PARTING

By Rabindranath Tagore

In God’s creation there is no end to anything. All that is true is continuous. In God’s garden the flower blooms and fades, but when it fades it does not really come to its end. It blooms again and again. The seasons come and go, but they return. In their succession there is truth. So all true relations, all true happiness, are continuous. They are not merely temporary. In their succession they do not really cease.

In man’s works there is this taint of death. Most of our activities are unmeaning. Our energies are employed in supplying ourselves with things and pleasures. They have no eternity in the background. Therefore we try to give things an appearance of permanence by adding to them. Man in his anxiety to prolong his pleasure tries simply to make additions, and we are afraid to stop, because we fear that it must some day come to an end.

But truth is not afraid to be small, to come to an end,—just as a poem, when it is finished, is not really dead. Not because a poem is composed of endless lines. If that were so we should know that the poem was not true. The true poem knows when to come to an end. It has attached itself to some permanent ideal of man, which belongs to all men and is the inner principle of all creation. If a poem has reached this ideal of perfection, then it knows that, by stopping, it does not die, but live.

So the true meeting can afford to stop, because it never comes to an end, but has its continuity in truth. Where we are true, we are immortal. When we are on the side of truth, we are on the side of immortality. But man scatters his life by giving it up for objects which are meaningless in themselves. We make these our ends and then it becomes a life of death.

In our everyday world we meet many men; but they pass like shadows over our life. But where we meet in truth, there all is different. Here, in this corner of the country, we have come together. You long for truth, as I do. We are all children crying in the dark for our eternal Mother, but we do not know that she is in the same bed with us all the time. We do not know this, and we think that we are separated. But when the lamp is lit we know that the Mother has been here all the while. Then we find that we are children of the same Mother, that amid differences of race, and climate, we are children of the same Mother, and the cry of India, “Lead us from the unreal to the real, from darkness to light, from death to immortality,” rises from our lips. When we listen to that prayer we know that these differences are the unreal, and that the Real is that we are one. Under these trees we have called Him in united voices our Father, and we have come to know that this is our true relationship; it can never be lost, but will continue deep in our souls.

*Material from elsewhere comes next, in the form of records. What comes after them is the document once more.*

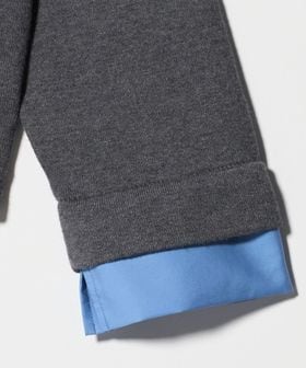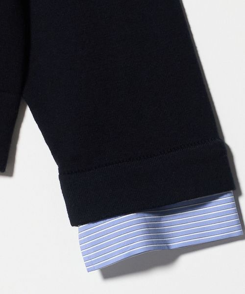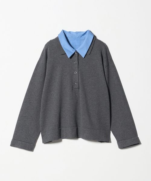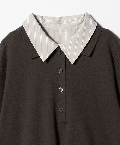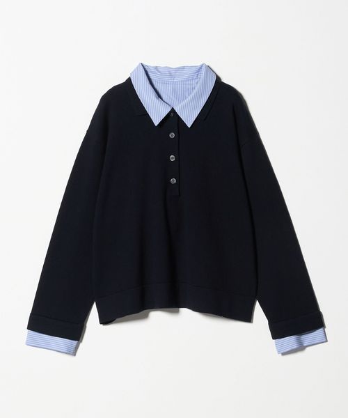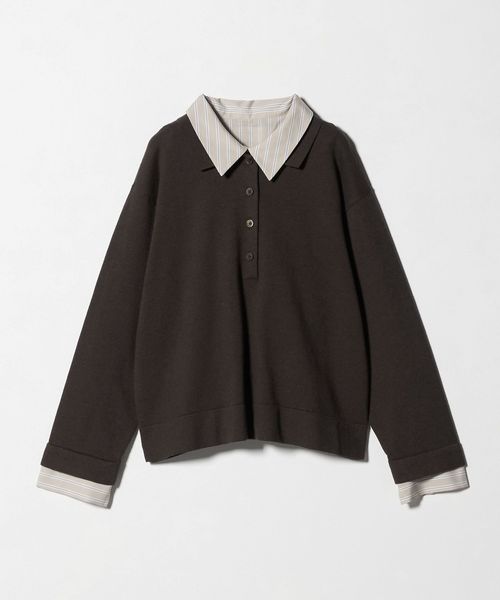 ポロニットとシャツを重ねたような、トレンド感のあるレイヤードスタイルが一枚で完成するトップス。
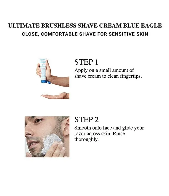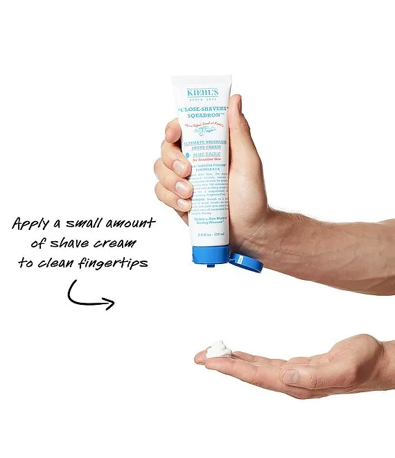 - Smooth on a small amount of Kiehl's men's shave cream for sensitive skin no water needed
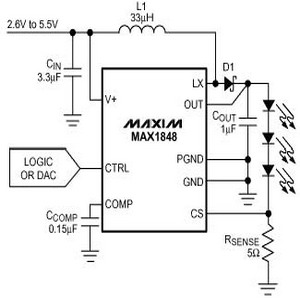 除了前面所提到的电荷泵(MAX1912)之外,还可以实现带有电流控制的升压转换器。比如,开关模式电压转换器MAX1848,可以产生最高至13V 的输出电压,足以驱动三个串联的LED (如图11 所示)。这种方法也许是最简洁的,因为所有串接的LED 具有完全相同的电流。LED 电流由RSENSE 与加载在L 输入上的电压共同决定。
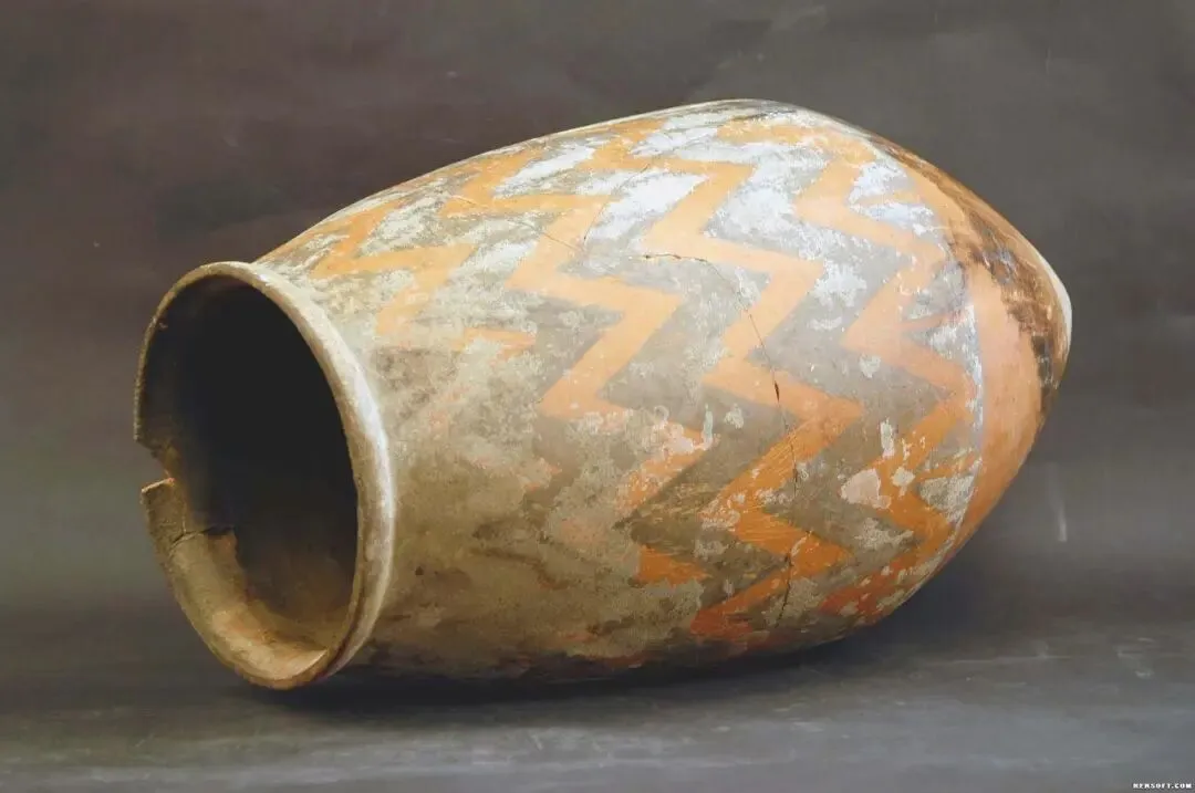 《水波纹彩陶尖底瓮》
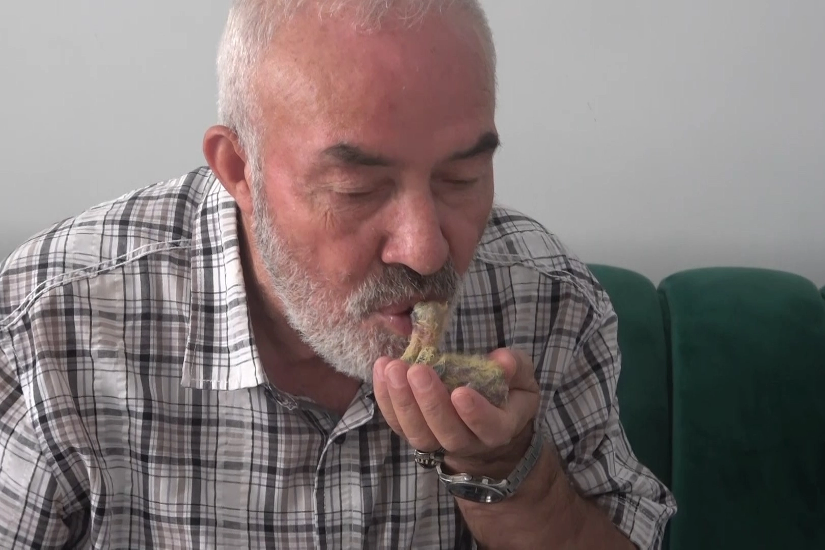 Yozgat'tan Bursa'daki oğlu ve gelinin evine misafir olarak gelen 62 yaşındaki Yusuf Ovalı, evin arkasında bulduğu ölmek üzere olan yavru güvercini eve aldı. Ağzında ekmek çiğneyerek besleyen baygın haldeki kuşu su da içirerek canlandırdı. Misafirliği süresince pamuklara sararak beslediği kuşu her gün ağzıyla besleyen Ovalı, yavru kuşun kendisini annesi sandığını ve sesini duyunca ötmeye başladığını söyledi.
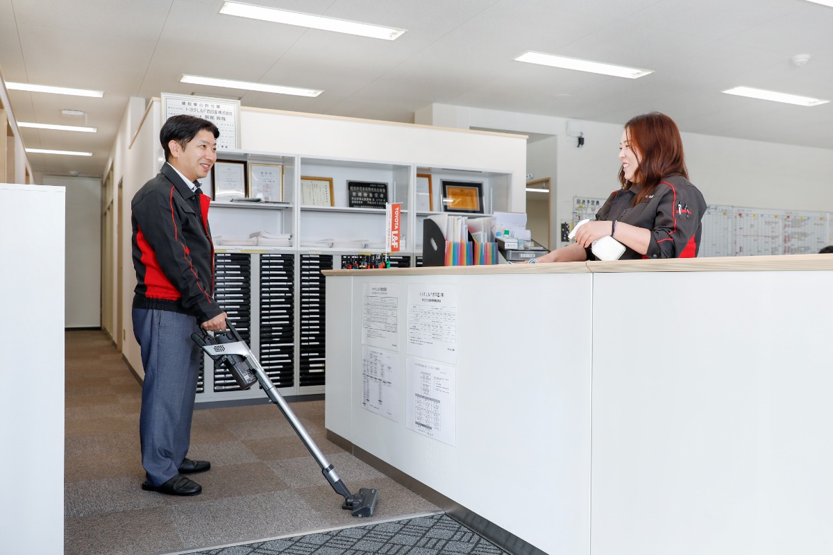 上下関係や部署の垣根をなるべく取り払うべく、毎朝の清掃などは社長だけでなく役職陣も全員参加しています。
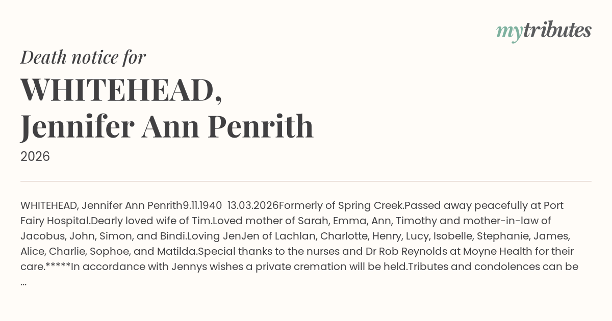 Loved mother of Sarah, Emma, Ann, Timothy and mother-in-law of Jacobus, John, Simon, and Bindi.
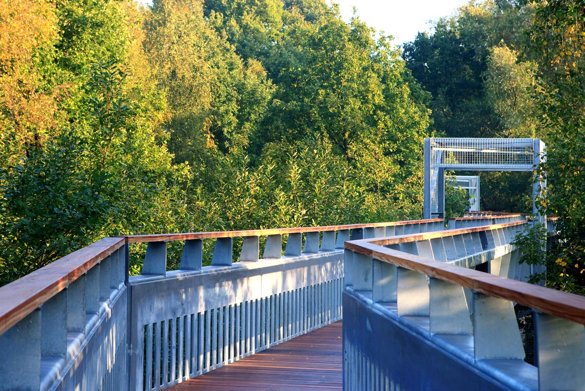 Le domaine ‘‘t Greven’ à Eisden est l’épicentre d’un spectaculaire affaissement minier. Le sol se situe plus de 10 m sous son niveau d’origine. Depuis la berge du Zuid-Willemsvaart - 11,50 m de hauteur à cet endroit - part un sentier de balade en acier qui traverse la couronne des arbres. L’acier a été choisi pour la structure. Elle est constituée d’éléments de passerelle, chacun composé de deux parties boulonnées entre elles. Les éléments de passerelle sont alternativement posés sur une tour et un pilier. Les piliers reprennent les efforts verticaux, les tours reprennent les efforts verticaux et horizontaux. Les garde-corps sont construits comme une poutre assemblée, dont l’âme est percée de manière à permettre aux petits enfants d’observer les environs. Les tours sont revêtues d’un treillis métallique permettant aux plantes grimpantes de s’y accrocher et aux tours de se fondre dans la nature.
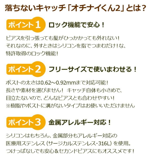 落ちない ピアス キャッチ オチナイくん【1個】金属アレルギー対応 ステンレス製 サージカル 医療用 シリコン 説明書 ケース付き【全品1個ずつバラ売り】
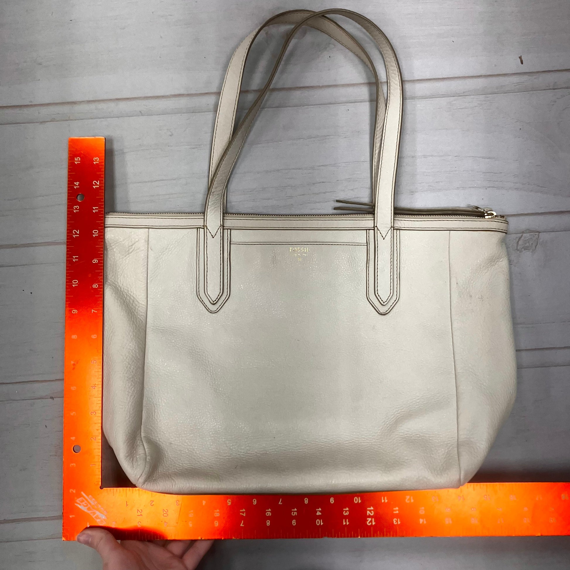 Handbag Leather By Fossil, Size: Medium
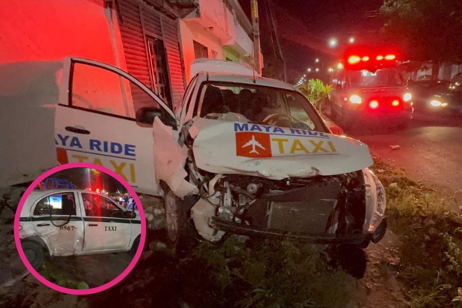 Un taxi intentó ganarle el paso a un vehículo del aeropuerto y terminó impactado en Cancún. Hay varios lesionados y daños severos.

Our personal relationship with this world was begun in love—Mother brought us into the world, Father’s love cherished and nourished us there. Gradually through the keynote of this love we could see that only this relationship was final. The objects of our passionate desires were either destructive or shadowy things. Life becomes unreal when filled up with them. But when we meet with each other in God, then our life is continuous in truth. It has not this element of falsehood in it. That is what we must remember. Here we have got the meaning of the words, “Lead us from the unreal to the Real.”

When we take food, that food is assimilated into our body, and it goes on with its work of creation. But if we eat dust or gravel, it is not creative, but destructive. So the true relationship with man is creative. Under these trees, this very meeting will be creative in our lives and become truer every day. It is true that, like God’s daylight, all its energies may be shrouded under night’s darkness for a time, but it lives again. So with all true relations. These will remain to the end of our lives and will not be lost. These will grow into some great life, which will have its fulfilment of purpose in the days to come. And I offer my prayer to God that He may lead us from all that is trivial, unmeaning, disconnected, and unrelated to the truth of love.

Lead us unto the Real, the Truth which is Eternal, from darkness which blinds us to the infinite truth, that Thou art our Father in truth. Deliver us from that darkness of desire; that smallness of heart. Bring us unto the light.

From death, lead us to the Deathless. From all that is perishable, lead us to truth that is eternal.